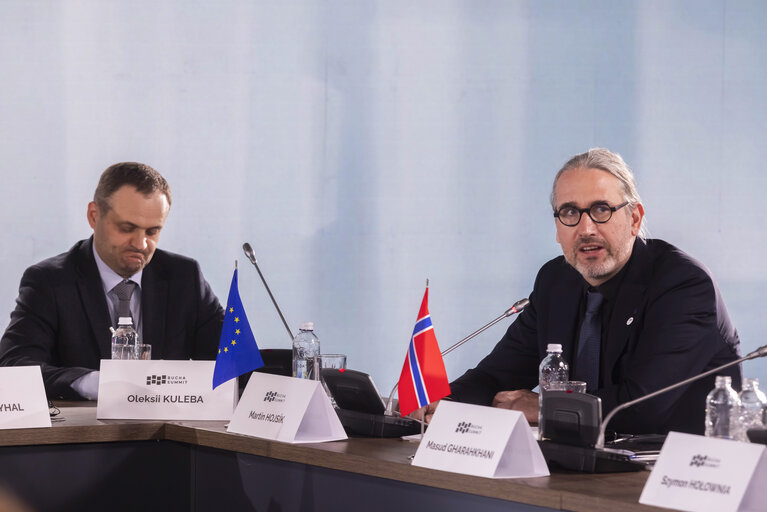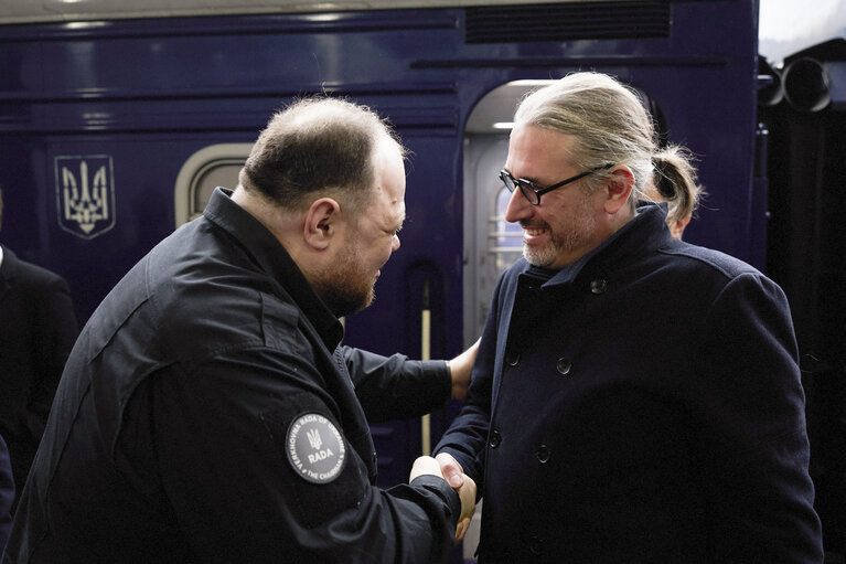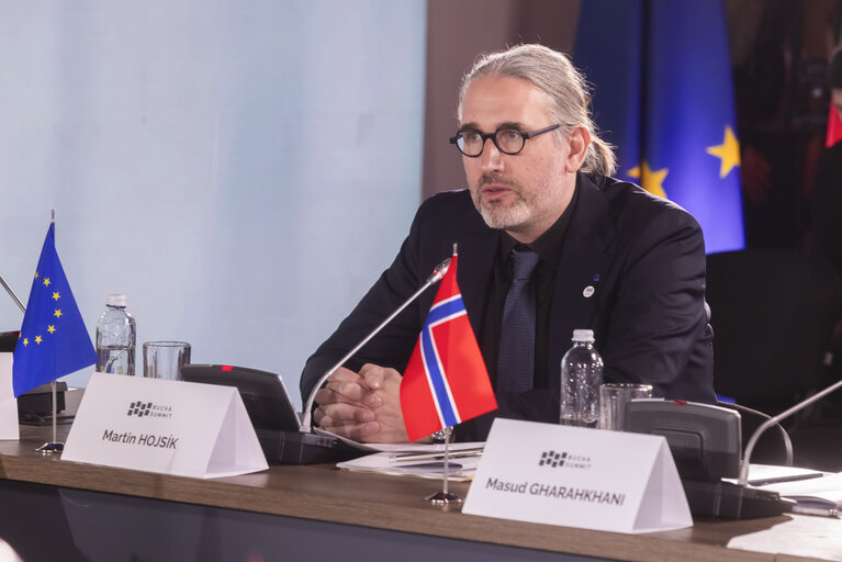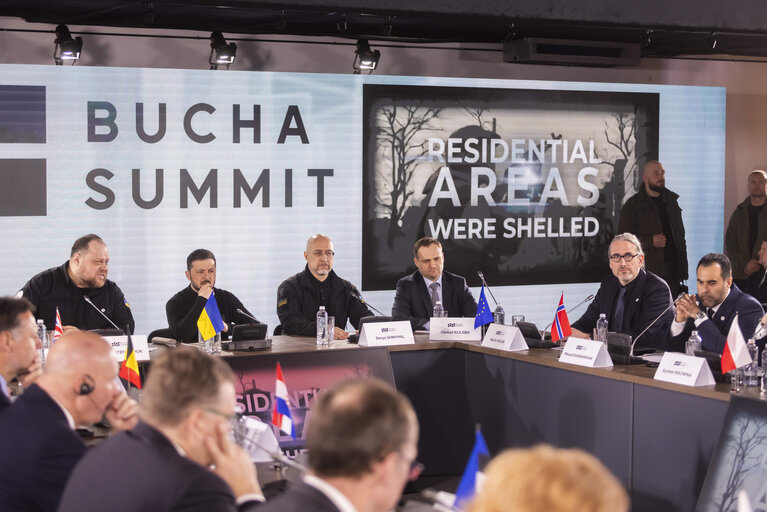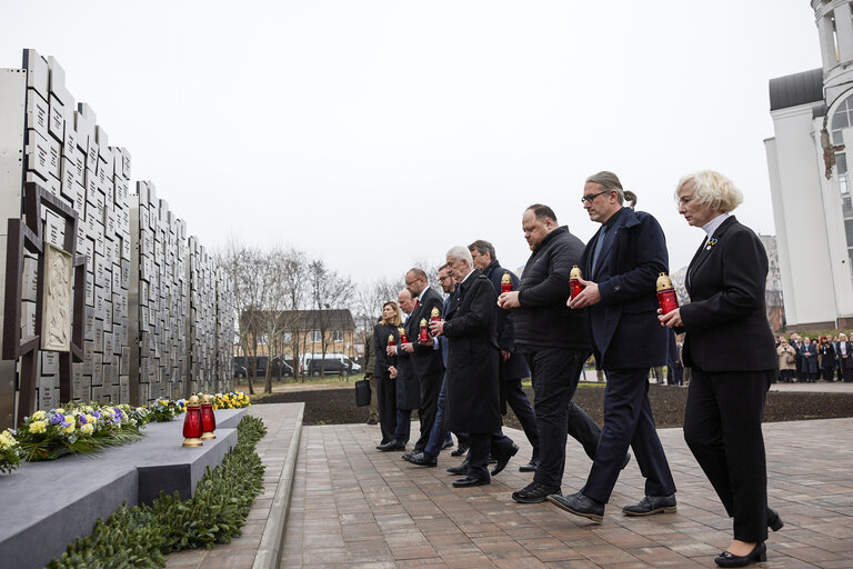Slovenský europoslanec Martin Hojsík (druhý sprava) počas návštevy Buče, kde si pripomenul 3. výročie oslobodenia mesta spod ruskej okupácie a zúčastnil sa na tiež na samite v tomto ukrajinskom meste, v Buči 31. marca 2025. Foto: Európsky parlament
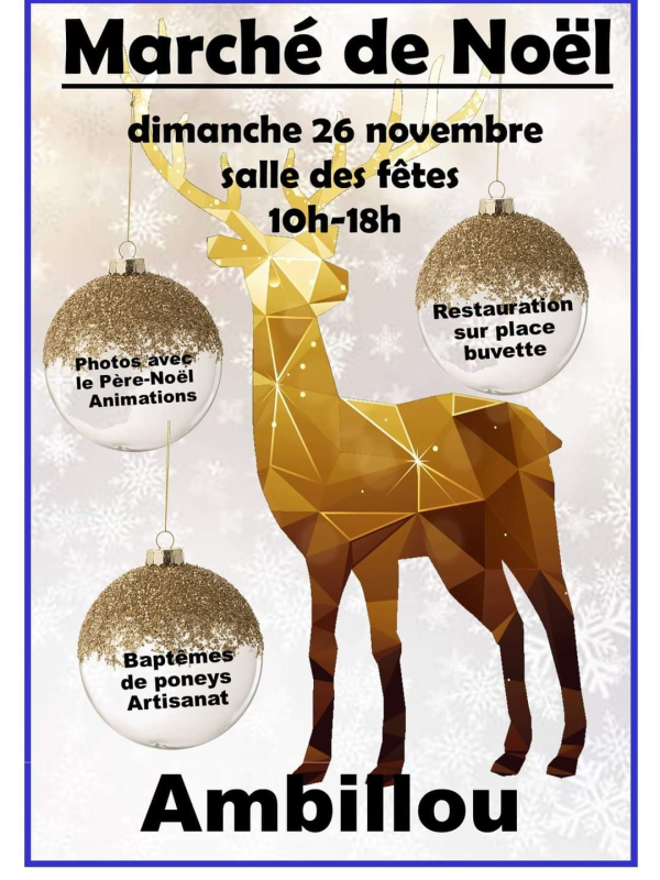Marché de Noël 2023 à la salle des fêtes d'Ambillou de 10h 18h.
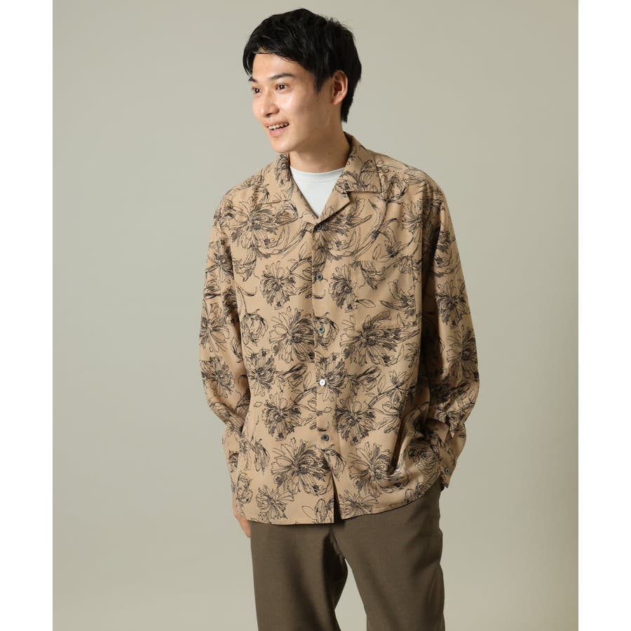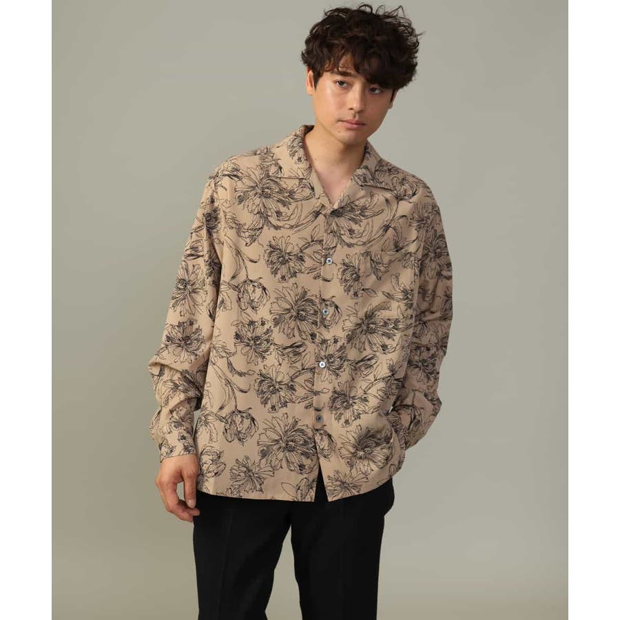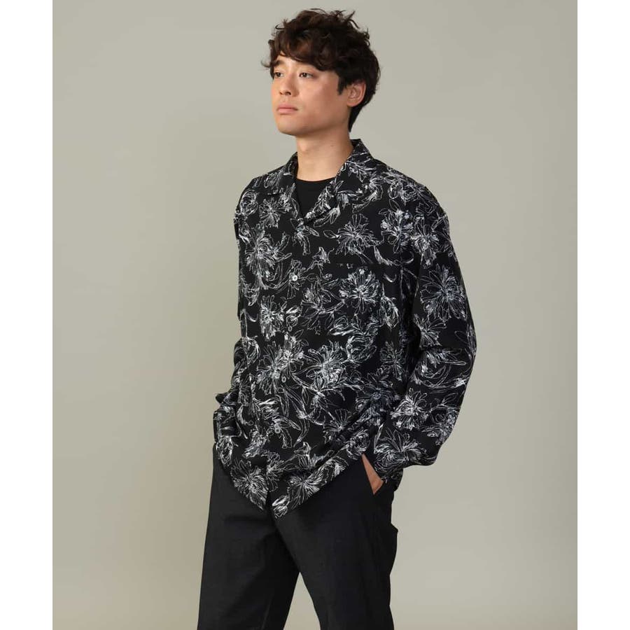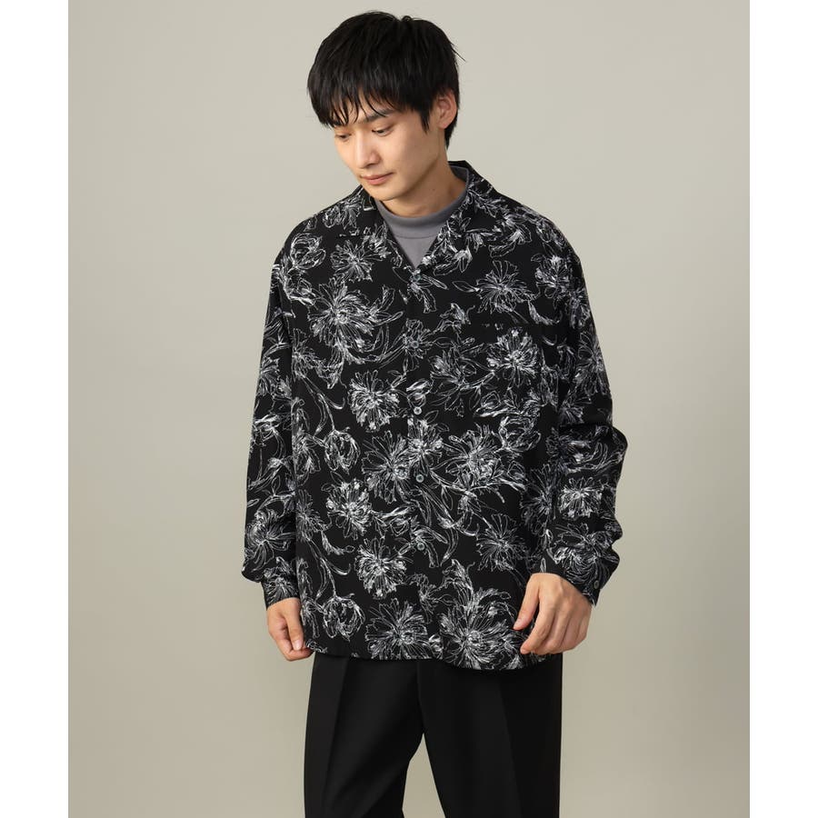 雰囲気のあるフラワー柄プリントを施したワイドシルエットオープンカラーシャツ◆
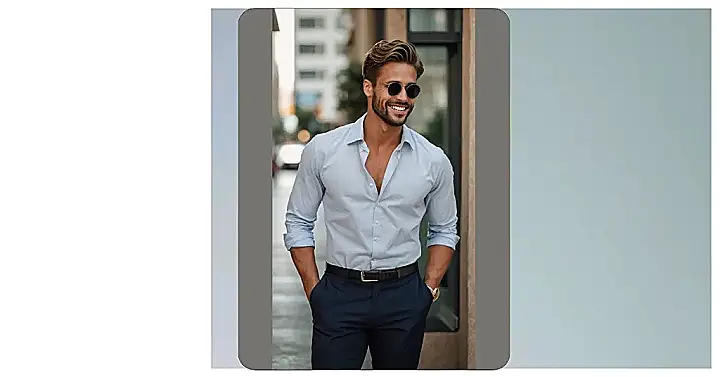 Okay, so you’re thinking about dressing up for a special occasion, like a school dance or maybe even a job interview. You want to look sharp, but you don’t want to look like your grandpa went shopping for you. This guy in the picture has got it figured out! A crisp blue shirt, classic dark pants, and a belt that says “I’m here to impress.” Don’t forget the sunglasses! They’re like the cherry on top of your style sundae.
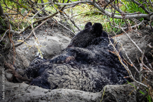 Cute looking black bear getting ready for hibernate sleeping
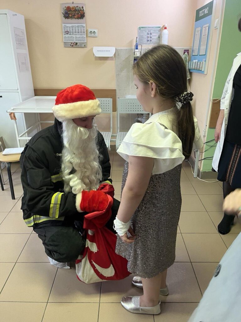 И Дед Мороз у них был необычный — настоящий спасатель РОЧС. Дети с большим удовольствием участвовали в новогодней сказке, радовались и веселились , позабыв о проблемах со здоровьем. И конечно же, каждый ребенок получил подарок. Добрый праздник в больнице для них организовали Белорусский детский фонд, волонтерский клуб «Слон», Минский городской колледж искусств, Октябрьский РОЧС и Октябрьская районная организация г. Минска РОО «Белая Русь». Пусть наши дети всегда будут здоровы и счастливы! Скорейшего им выздоровления!
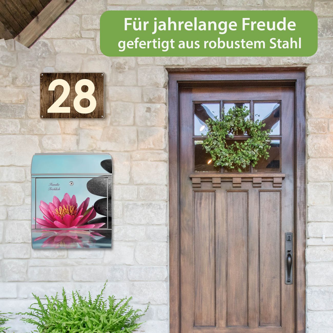 Großer Stahl Briefkasten Motiv Lotus Und Steine
--
TASK BRIEF:
Repeat, exactly and in full, every entry in the data, but not the pictures.

OUTPUT FOR THIS EXERCISE:
Slovenský europoslanec Martin Hojsík (druhý sprava) počas návštevy Buče, kde si pripomenul 3. výročie oslobodenia mesta spod ruskej okupácie a zúčastnil sa na tiež na samite v tomto ukrajinskom meste, v Buči 31. marca 2025. Foto: Európsky parlament
Marché de Noël 2023 à la salle des fêtes d'Ambillou de 10h 18h.
 雰囲気のあるフラワー柄プリントを施したワイドシルエットオープンカラーシャツ◆
 Okay, so you’re thinking about dressing up for a special occasion, like a school dance or maybe even a job interview. You want to look sharp, but you don’t want to look like your grandpa went shopping for you. This guy in the picture has got it figured out! A crisp blue shirt, classic dark pants, and a belt that says “I’m here to impress.” Don’t forget the sunglasses! They’re like the cherry on top of your style sundae.
 Cute looking black bear getting ready for hibernate sleeping
 И Дед Мороз у них был необычный — настоящий спасатель РОЧС. Дети с большим удовольствием участвовали в новогодней сказке, радовались и веселились , позабыв о проблемах со здоровьем. И конечно же, каждый ребенок получил подарок. Добрый праздник в больнице для них организовали Белорусский детский фонд, волонтерский клуб «Слон», Минский городской колледж искусств, Октябрьский РОЧС и Октябрьская районная организация г. Минска РОО «Белая Русь». Пусть наши дети всегда будут здоровы и счастливы! Скорейшего им выздоровления!
 Großer Stahl Briefkasten Motiv Lotus Und Steine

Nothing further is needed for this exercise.